# inserer image et figure dans corps de mail avec le logiciel mail



## nathdel (29 Mai 2008)

Bonjour,

Je voudrais savoir s'il est possible d'insérer ds le corps du mail des images, des figures avec le logiciel mail. Bref de faire une mise en page un peu évoluée
si non quel logiciel dois-je utiliser ?
help !!!
merci beaucoup


----------



## Anonyme (29 Mai 2008)

Salut, 
Tu fais ta "mise en page évoluée" à l'aide d'un traitement de texte, et tu envoies ton document en pièce jointe.

Et bienvenue sur le forum !!!


----------



## twinworld (29 Mai 2008)

il est possible d'insérer des images dans un texte dans Mail. Mais si elles sont trop lourdes, l'application aura tendance à les afficher sous forme d'icône de fichier qui indique une pièce jointe.


----------



## Anonyme (30 Mai 2008)

twinworld a dit:


> il est possible d'insérer des images dans un texte dans Mail. Mais si elles sont trop lourdes, l'application aura tendance à les afficher sous forme d'icône de fichier qui indique une pièce jointe.



Ce serait intéressant de savoir comment on fait ....


----------



## Aliboron (30 Mai 2008)

nathdel a dit:


> Je voudrais savoir s'il est possible d'insérer ds le corps du mail des images, des figures avec le logiciel mail. Bref de faire une mise en page un peu évoluée
> si non quel logiciel dois-je utiliser ?


Ce que tu cherches à faire, si je comprends bien, c'est ce qu'on appelle du "HTML complexe". Le logiciel de messagerie qui est considéré comme le mieux adapté pour le faire de façon simple est Thunderbird.


----------



## inkclub (30 Mai 2008)

Bonjour,

Le plus simple est de faire une image jpg de tout ton doc.

A partir de ton logiciel du fais un pdf, puis du l'ouvre avec Apercu et tu l'enregistre en jpg.

A+


Note du modo : et pour les questions sur les logiciels "internet", tu postes dans "Internet et réseau" ! On y va.


----------



## twinworld (30 Mai 2008)

jm.desbonnez a dit:


> Ce serait intéressant de savoir comment on fait ....
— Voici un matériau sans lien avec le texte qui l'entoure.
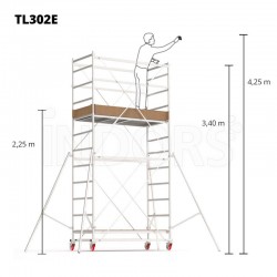 Échafaudages Gierre modèles TL302E , TL303E , TL304E. Tours mobiles professionnelles en acier très légères et faciles à assembler et à déplacer. Grâce à la base auto-assemblante, ils peuvent être installés par un seul opérateur . Convient aussi bien à un usage intérieur qu'extérieur et sans besoin d'ancrage au mur grâce au respect des normes EN1004-1 et EN1004-2 par les stabilisateurs.
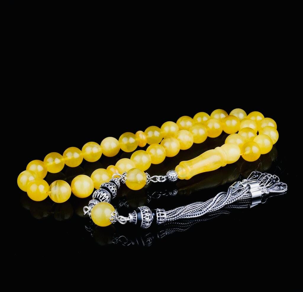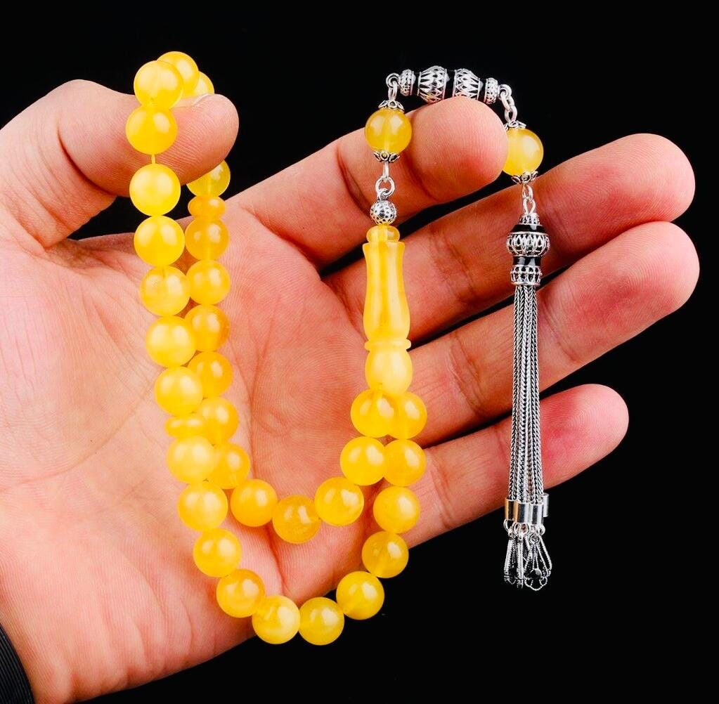 High-quality 9.5 mm yellow amber misbaha paired with an enamel-detailed 925 sterling silver tassel. Ideal for dhikr, meditation, collecting, or gifting.
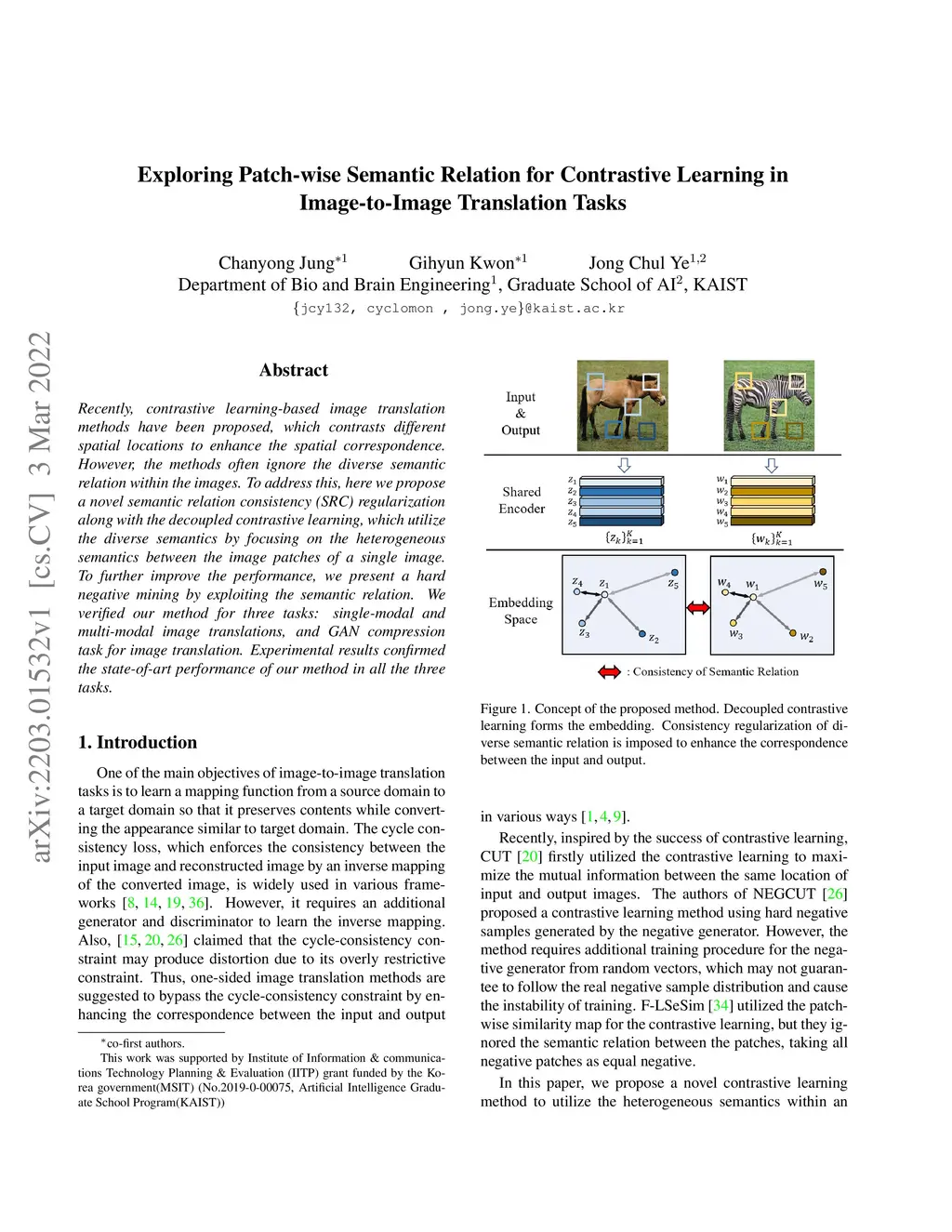 Recently, contrastive learning-based image translation methods have been proposed, which contrasts different spatial locations to enhance the spatial correspondence. However, the methods often ignore the diverse semantic relation within the images. To address this, here we propose a novel semantic relation consistency (SRC) regularization along with the decoupled contrastive learning, which utilize the diverse semantics by focusing on the heterogeneous semantics between the image patches of a single image. To further improve the performance, we present a hard negative mining by exploiting the semantic relation. We verified our method for three tasks: single-modal and multi-modal image translations, and GAN compression task for image translation. Experimental results confirmed the state-of-art performance of our method in all the three tasks.
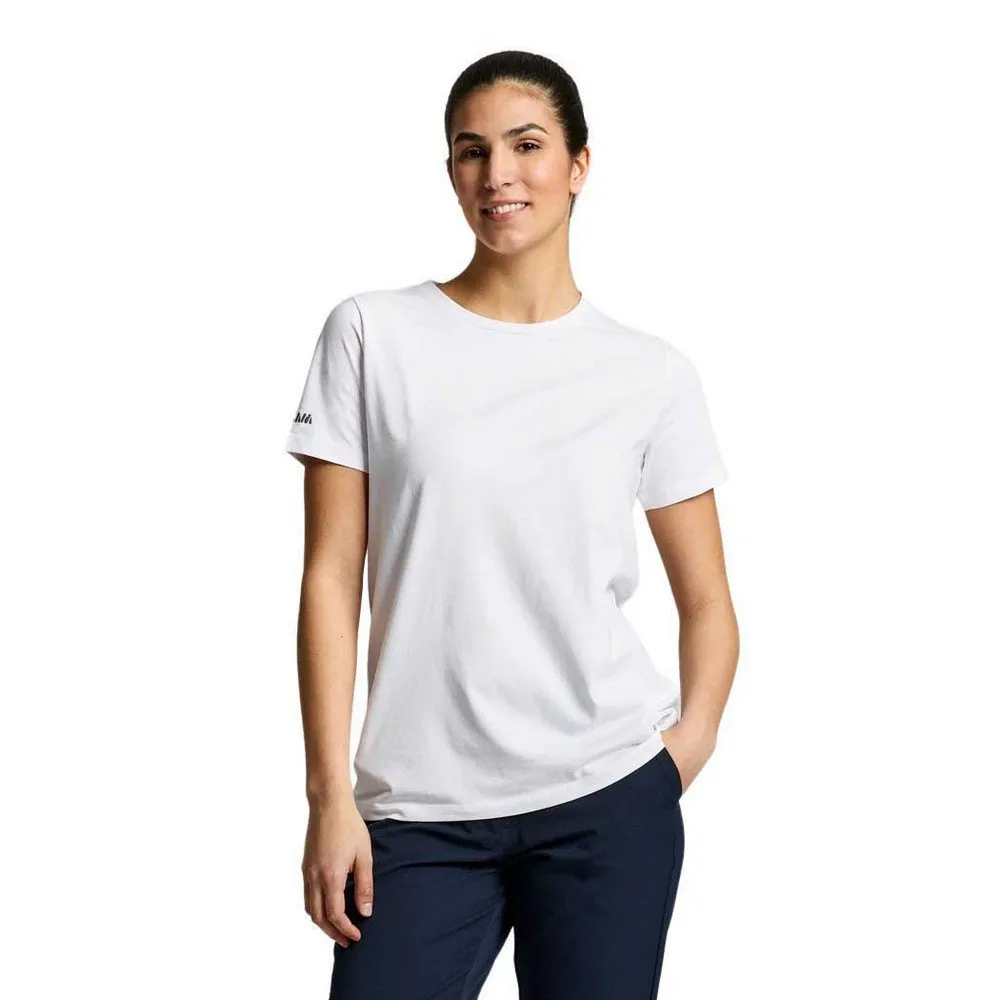 SLAM Deck Short Sleeve T-Shirt Bright White on tyylikäs ja mukava naisten vaate. Tämä t-paita on valmistettu korkealaatuisista materiaaleista, ja se tuntuu iholla pehmeältä ja kevyeltä. Kirkas valkoinen väri tuo raikkaan ja elävän lisän mihin tahansa asuun, mikä tekee siitä monipuolisen eri tilaisuuksiin.
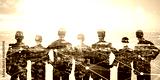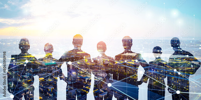 Group of multinational businesspeople and communication network concept. Wide angle visual for banners or advertisements.
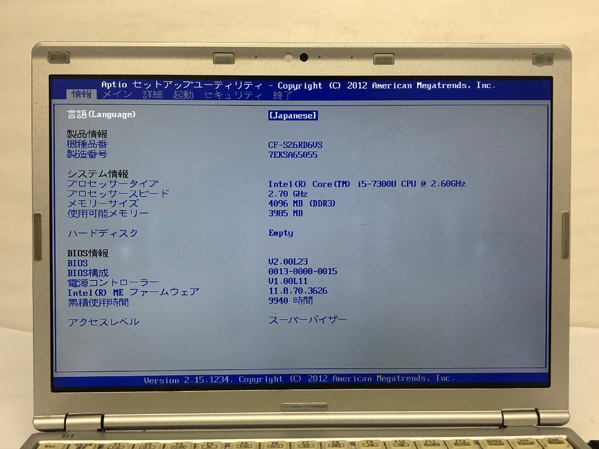 ジャンク/ Panasonic CF-SZ6RD6VS Intel Core i5-7300U メモリ4.1GB ストレージ無し 【K22377】
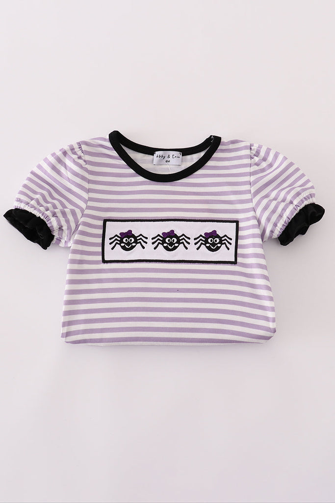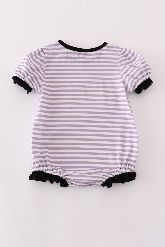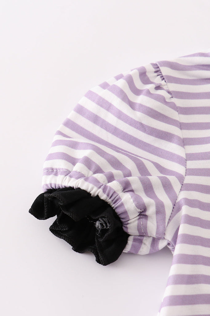 Celebrate Halloween in style with this playful purple bubble dress featuring charming spider embroidery, bold stripes, and flirty ruffle details. Perfect for adding a fun, festive touch to your wardrobe while keeping comfort and whimsy in mind.
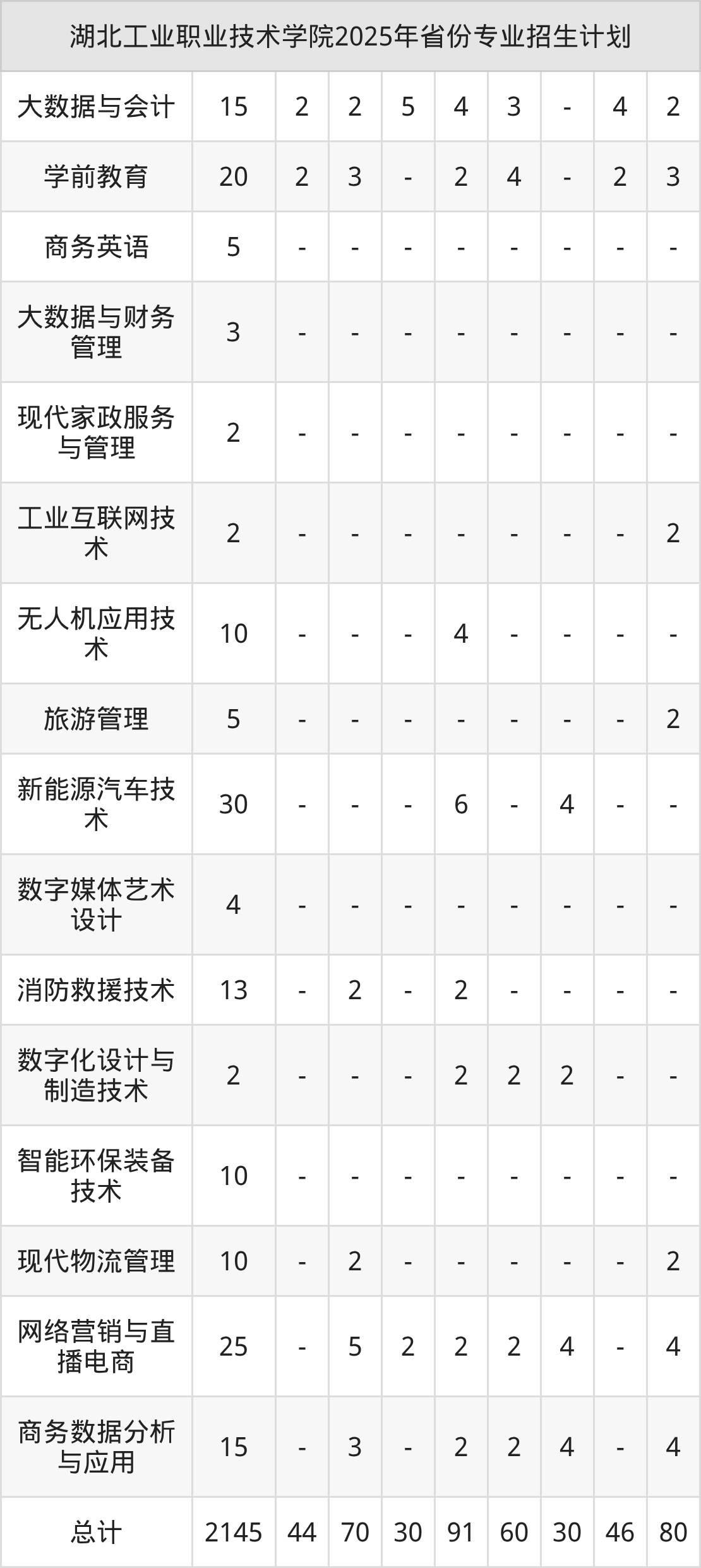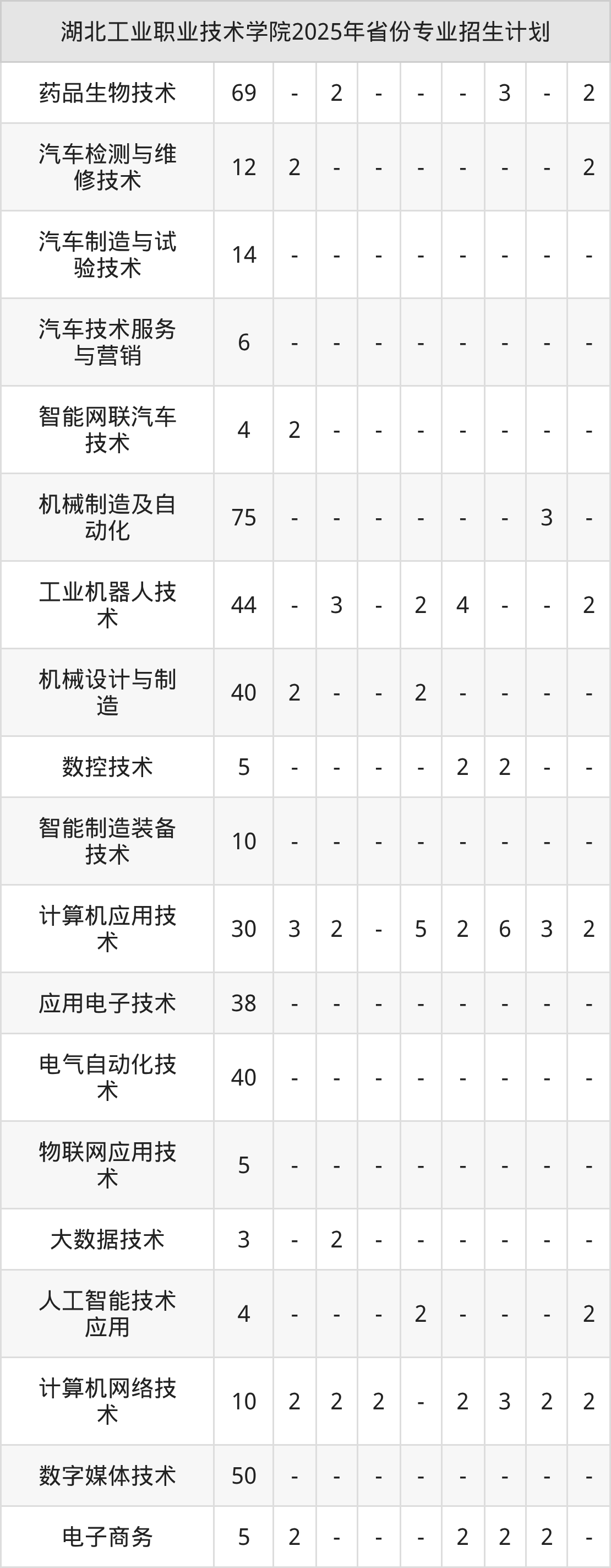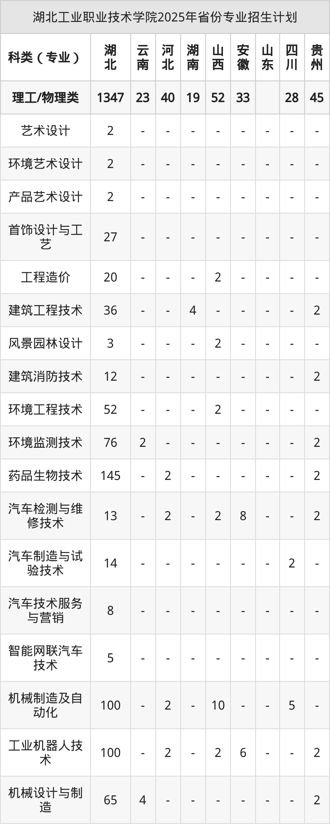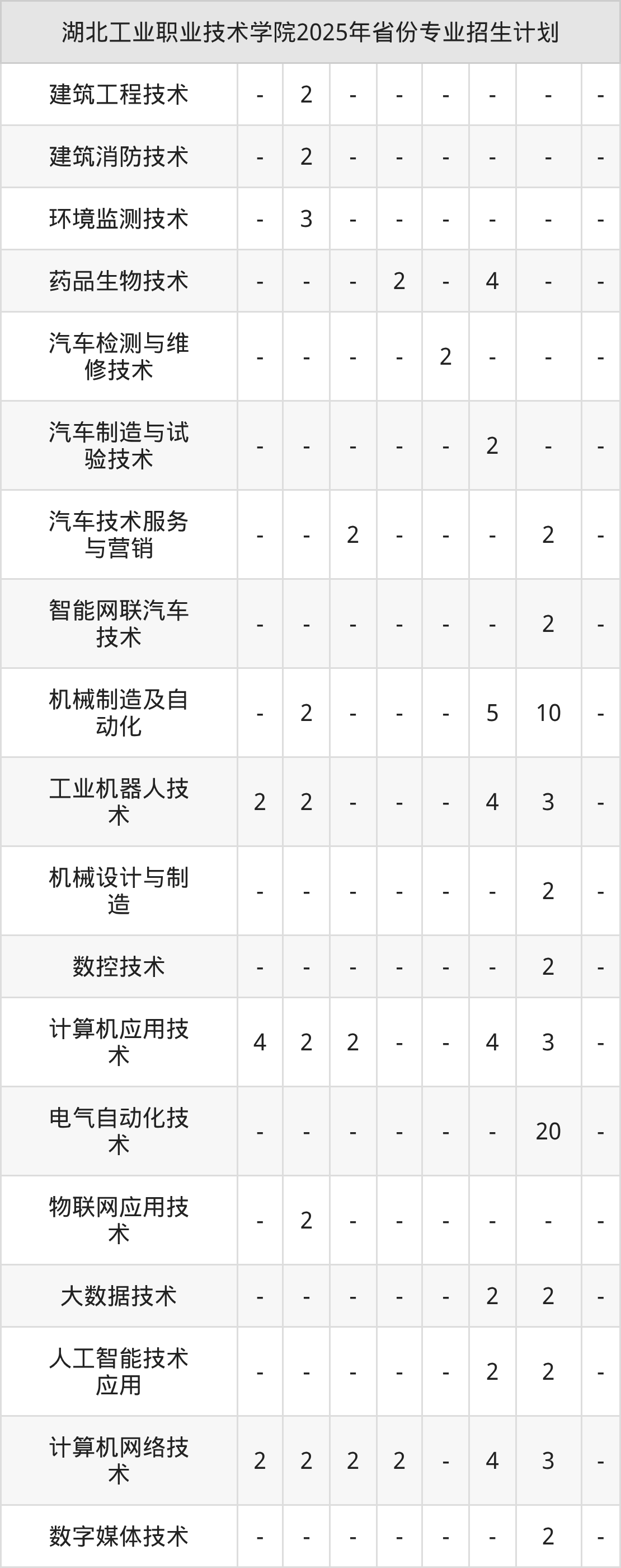2026年湖北工业职业技术学院专科招生计划待公布,下面附上2025年数据,暂供参考:

j'ai simplement dit qu'il est possible d'insérer des images dans le corps du texte d'un mail. Pour cela, soit il suffit de faire un copier coller de l'image à l'endroit du texte, soit de glisser l'icône du fichier image à l'endroit du texte. Mais, comme je l'ai dit, il faut que les images ne soient pas trop lourdes. Ca marche avec du .jpg ou .pdf


----------



## pascalformac (30 Mai 2008)

C'est traité plusieurs fois en archives

ne pas oublier un détail qui n'en est pas un , c'est un point central

Si la " construction" du message avec insertion est très facile dans mail
il n'y a aucune garantie qu'en face à la lecture la mise en page sera respectée
ca dépend des outils utilisés en face.
-Dans un cas la mise en page est respectée ( plus ou moins)

-dans d'autres les insertions sont systematiquement  traitées en PJ  " à part"
(rassemblées en bas ou traitées en PJ à ouvrir

-
solution
 créer un document automome ( traitement de texte image ou PDF)


----------